- Opening Delimiter -

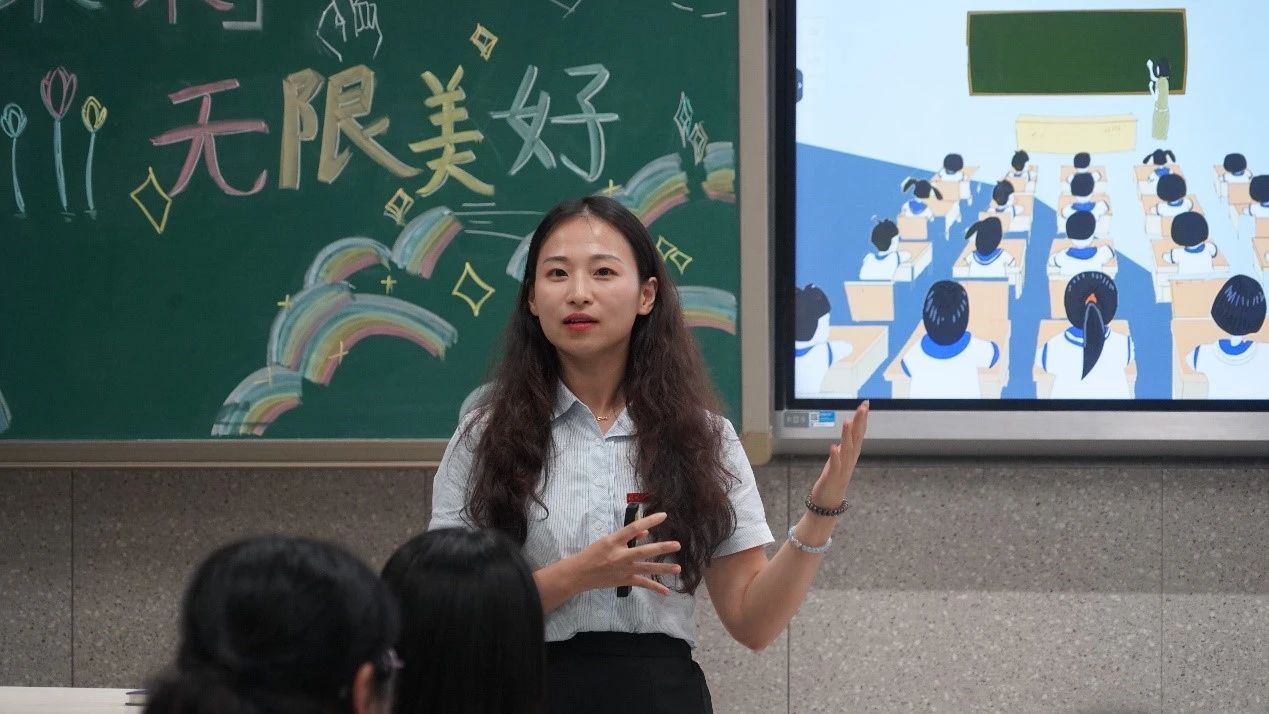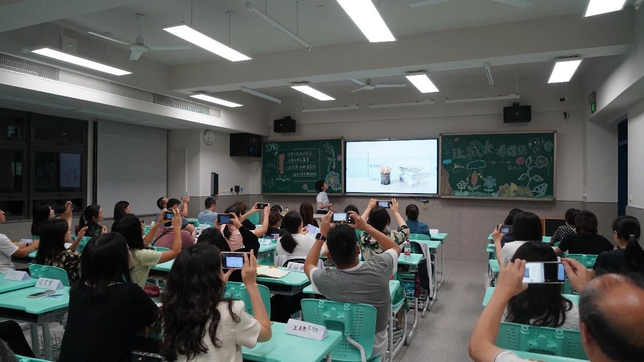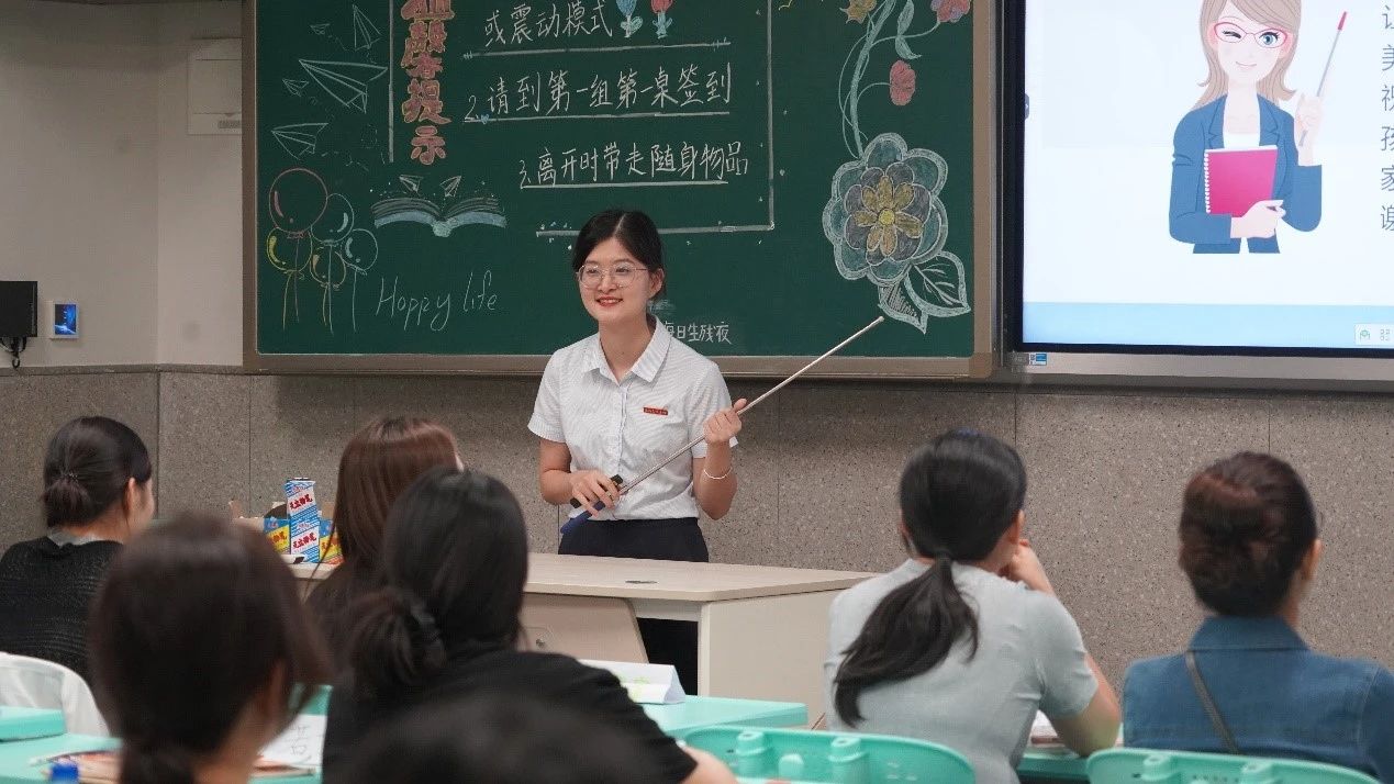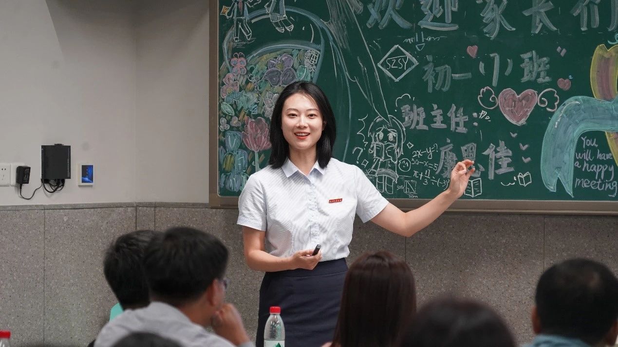 教室里,科任老师总结孩子们开学一个多月以来的学习情况,介绍了各自的教学理念、教学成果,并表达了对孩子们的期待。
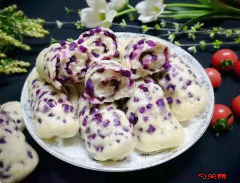 做法:1、面粉中加入泡多源K3克、3克酵母,1小勺白糖,晚上和面,邊加水邊攪拌,揉成光滑面團(tuán)。2、面團(tuán)放在盆中用保鮮膜蓋上,早上起來面團(tuán)發(fā)酵原來的兩倍大,用手指摁一下不回縮不塌陷,就發(fā)酵好了。3、紫薯洗凈用削皮刀去皮,切成比較小的丁,越小越好。4、發(fā)酵好的面團(tuán),放在面板上,搓揉排氣,搓成長(zhǎng)條,切成小面劑子,揉圓按扁,搟成小圓片。5、然后在面餅上加入適量的紫薯丁,用虎口收口,將紫薯包起來,再用力均勻搟成橢圓形。6、然后從一頭向另一頭卷起,依次全部做好,蓋上保鮮膜,再次醒發(fā)10分鐘。7、擺入蒸鍋中,中間預(yù)留空間,開大火,上蒸汽后蒸20分鐘,關(guān)火后燜3分鐘,就可以取出。
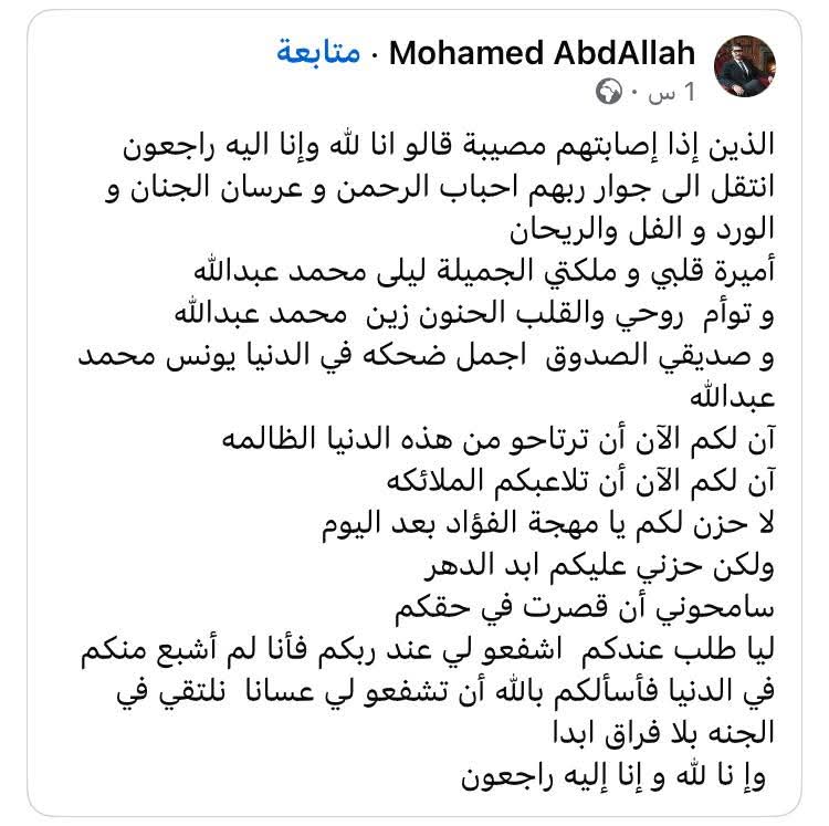في المقابل نعي الاب محمد عبد الله رحيل ابنائه الثلاثة عبر صفحته على موقع التواصل الاجتماعي فس بوك بتدوينه تضمنت عده عبارات موجعه جاء أهمها « رحل أحباب الرحمن وعرسان الجنان ابنائي ليلي وزين ويونس ..نسالكم الدعاء لهم بالرحمه والمغفره ».
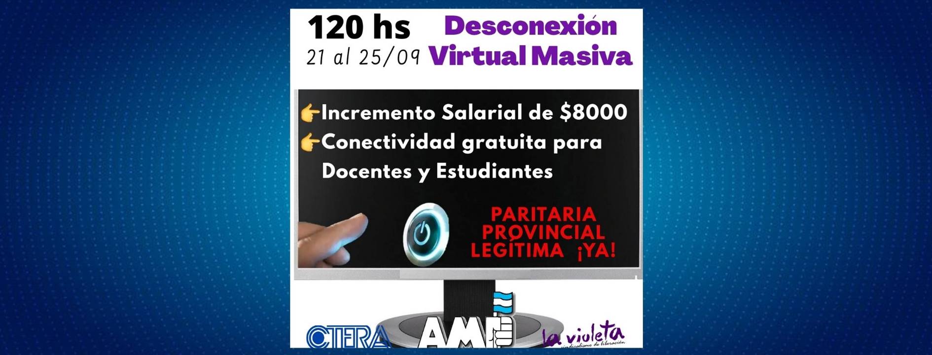 Continuamos exigiendo PARITARIA LEGÍTIMA YA! La Asociación de Maestros/as y Profesores/as de La Rioja sesionó en el 2do Cuarto Intermedio de la 218° Asamblea Provincial Extraordinaria de Delegados/as Escolares. En la misma resolvieron una nueva DESCONEXIÓN VIRTUAL MASIVA de 120 hs dispuestas para la presente semana. *DESCONEXIÓN VIRTUAL MASIVA* por 120 hs para el lunes 21, martes 22, miércoles 23, jueves 24 y viernes 25 de septiembre *👉Por Paritaria Provincial Legítima ¡Ya!* *👉Por Incremento Salarial de $8000* *👉Por conectividad gratuita para Docentes y Estudiantes* *#AMPesDignidad* 🇦🇷 *#73AñosDeTrayectoriaCombativa*💪🏼 *#QuédateEnCasa*🏡🌈 La Rioja, 21.08.20 *Comunicado Oficial de la AMP* | ||||
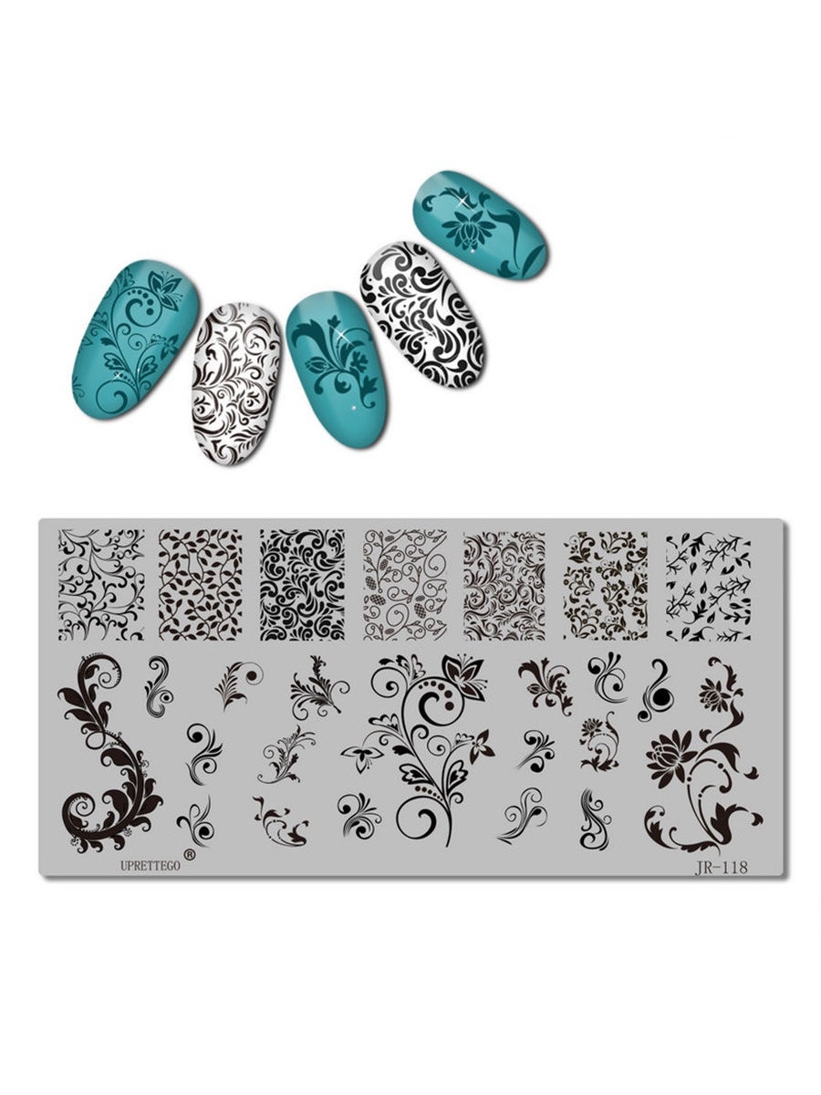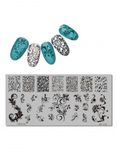 Пластина для стемпинга — это незаменимый трафарет для мастера маникюра при выполнении оригинального дизайна. Переносить изображение можно штампом с помощью гель-лака, простого лака, аэрографа. Пластины изготовлены из черной пленки на клеевой основе с высокоточной плоттерной резкой, что позволяет воспроизводить тончайшие детали на ногтях.
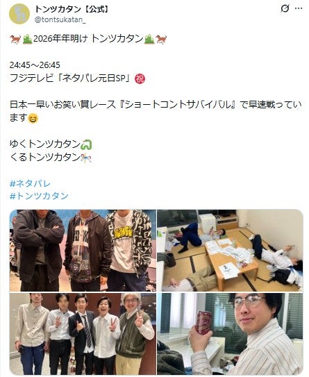 トンツカタンは森本、お抹茶、櫻田佑の3人で2012年に結成。2016年「第7回お笑いハーベスト大賞」で優勝、2022年には「第9回NHK新人お笑い大賞」にて決勝進出した成績を持つ。さらに、お抹茶は「R-1グランプリ2026」にてファイナル進出していた。(modelpress編集部)
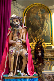 Europe. Italy. Sicily. Ragusa. Cattedrale di San Giorgio. This cathedral is situated at the top of the sloping Piazza Duomo, a baroque wonder built in the mid-18th century. The steps to the side of the cathedral figure occasionally in the Montalbano series on television. Close to an altar, the Madonna, and a glass casket containing holy remains, is this figure of a suffering Christ seated. 2018
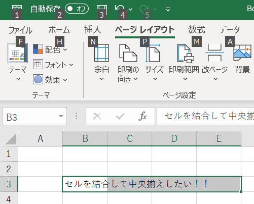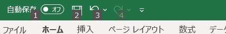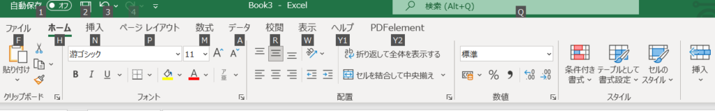 ALTキーを押すと、ツールバーより上の左上にある「保存」や「もとに戻る」「やり直し」などにも番号が振られているのがわかります。
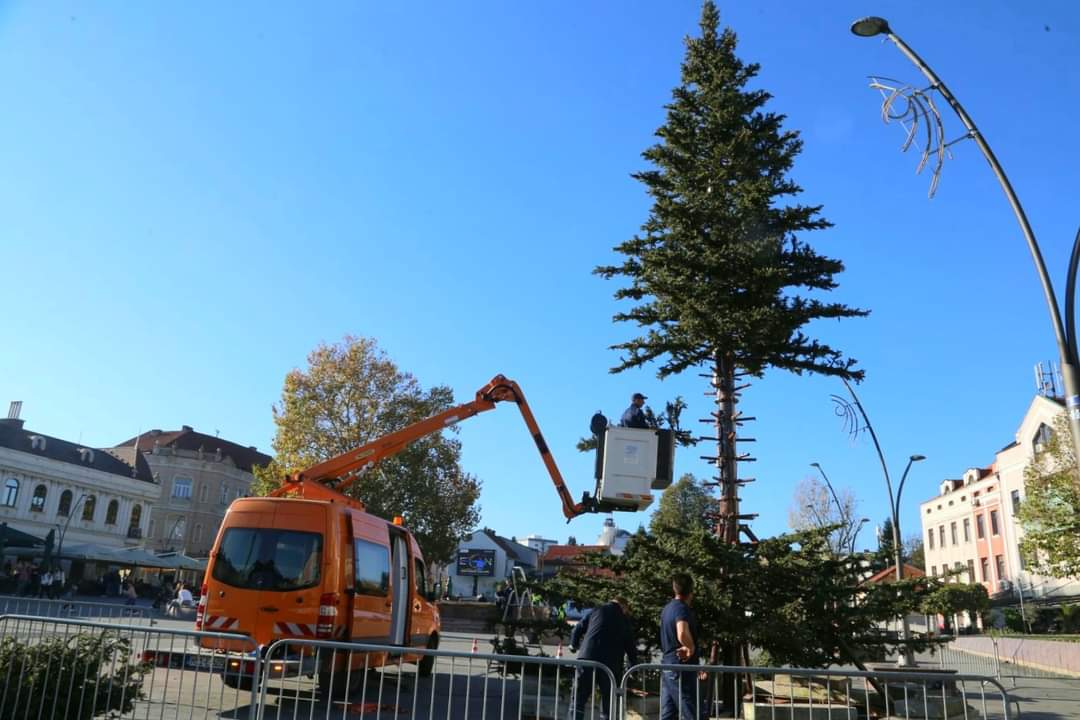 U Tuzli je počelo postavljanje prazničnih ukrasa i jelke koja posljednjih godina krasi Trg slobode tokom novogodišnjih praznika.
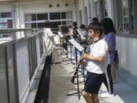 吹奏楽部ミニコンサート 投稿日時 : 2022/05/18 鶴指小学校管理者 ロング昼休みに吹奏楽部が、3階ベランダでミニコンサートを行いました。 中庭や廊下には、大勢のギャラリーが集まり、演奏に耳を傾けていました。
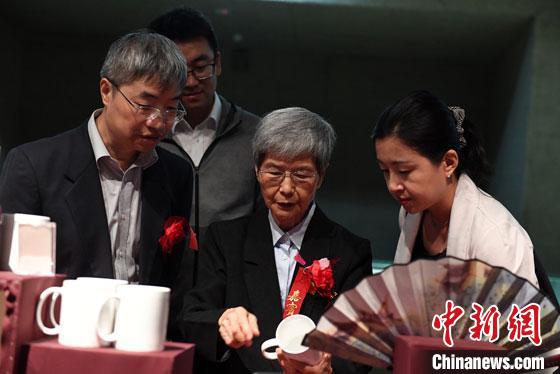2018年8月,樊錦詩(shī)(中)在莫高窟數(shù)字陳列中心參觀文創(chuàng)產(chǎn)品。(資料圖) 楊艷敏 攝
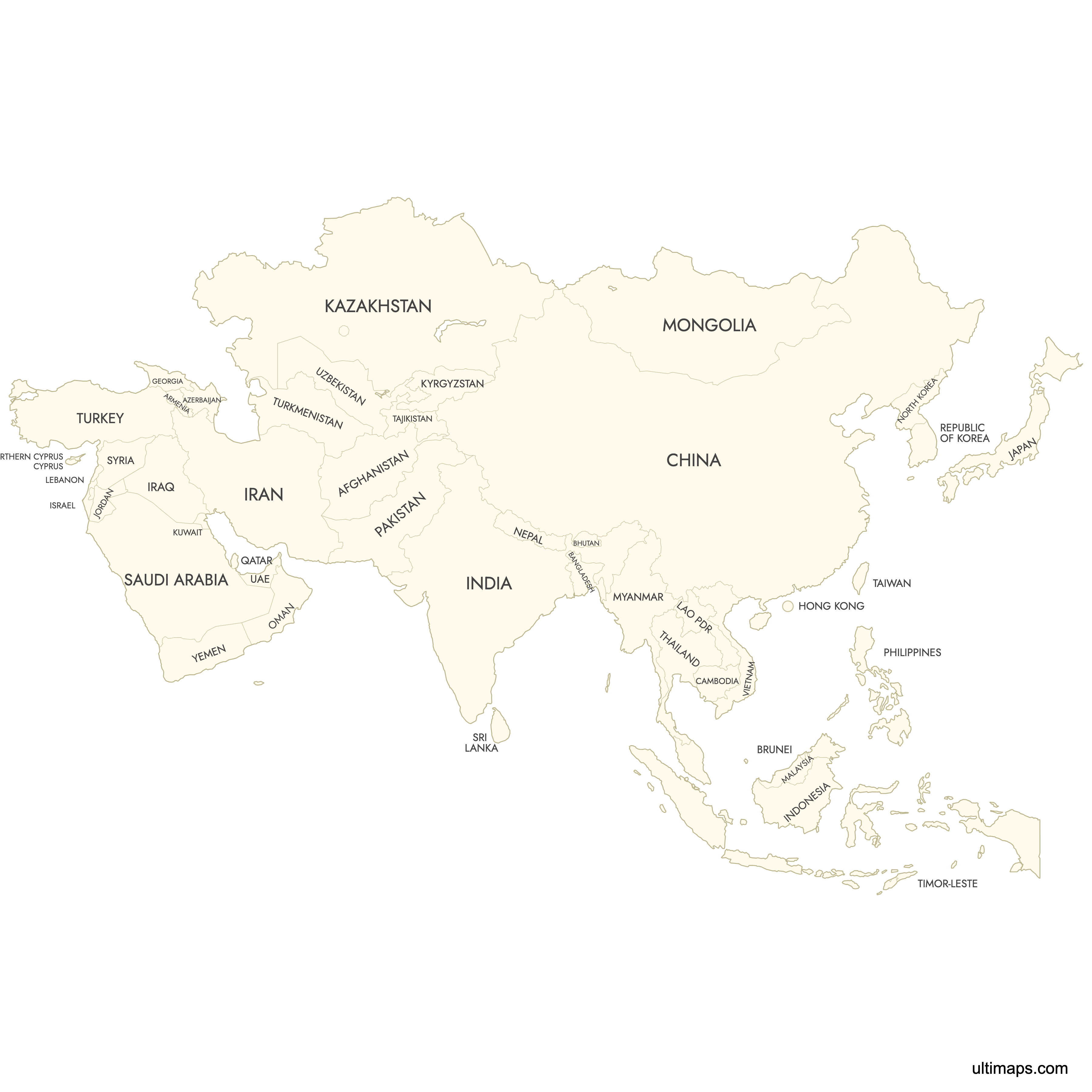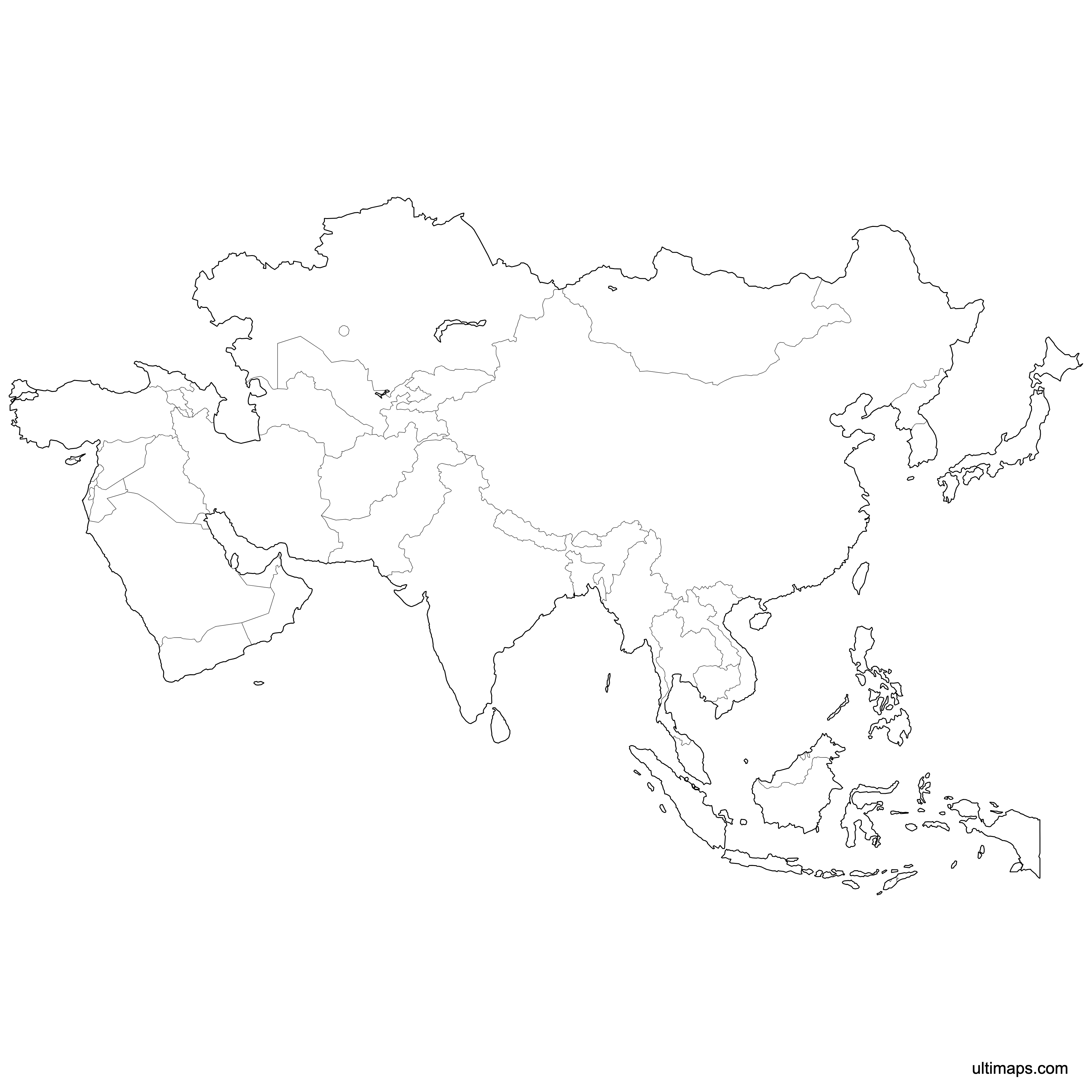 Download free blank Map of Asia in high-resolution PNG, PDF and SVG formats. Perfect for printing, coloring, presentations, and educational projects. Most of the maps available in different color schemes and with different features (such as labels, roads or rivers).

- Closing Delimiter -

* _ASSIGNMENT_:
Exactly the lines from the one that contains "ALTキーを押すと、ツールバ" to the last line of the data, both included, should be set down, and no pictures should appear among them.

* _ANSWER TO THE PROBLEM_:
 ALTキーを押すと、ツールバーより上の左上にある「保存」や「もとに戻る」「やり直し」などにも番号が振られているのがわかります。
 U Tuzli je počelo postavljanje prazničnih ukrasa i jelke koja posljednjih godina krasi Trg slobode tokom novogodišnjih praznika.
 吹奏楽部ミニコンサート 投稿日時 : 2022/05/18 鶴指小学校管理者 ロング昼休みに吹奏楽部が、3階ベランダでミニコンサートを行いました。 中庭や廊下には、大勢のギャラリーが集まり、演奏に耳を傾けていました。
2018年8月,樊錦詩(shī)(中)在莫高窟數(shù)字陳列中心參觀文創(chuàng)產(chǎn)品。(資料圖) 楊艷敏 攝
 Download free blank Map of Asia in high-resolution PNG, PDF and SVG formats. Perfect for printing, coloring, presentations, and educational projects. Most of the maps available in different color schemes and with different features (such as labels, roads or rivers).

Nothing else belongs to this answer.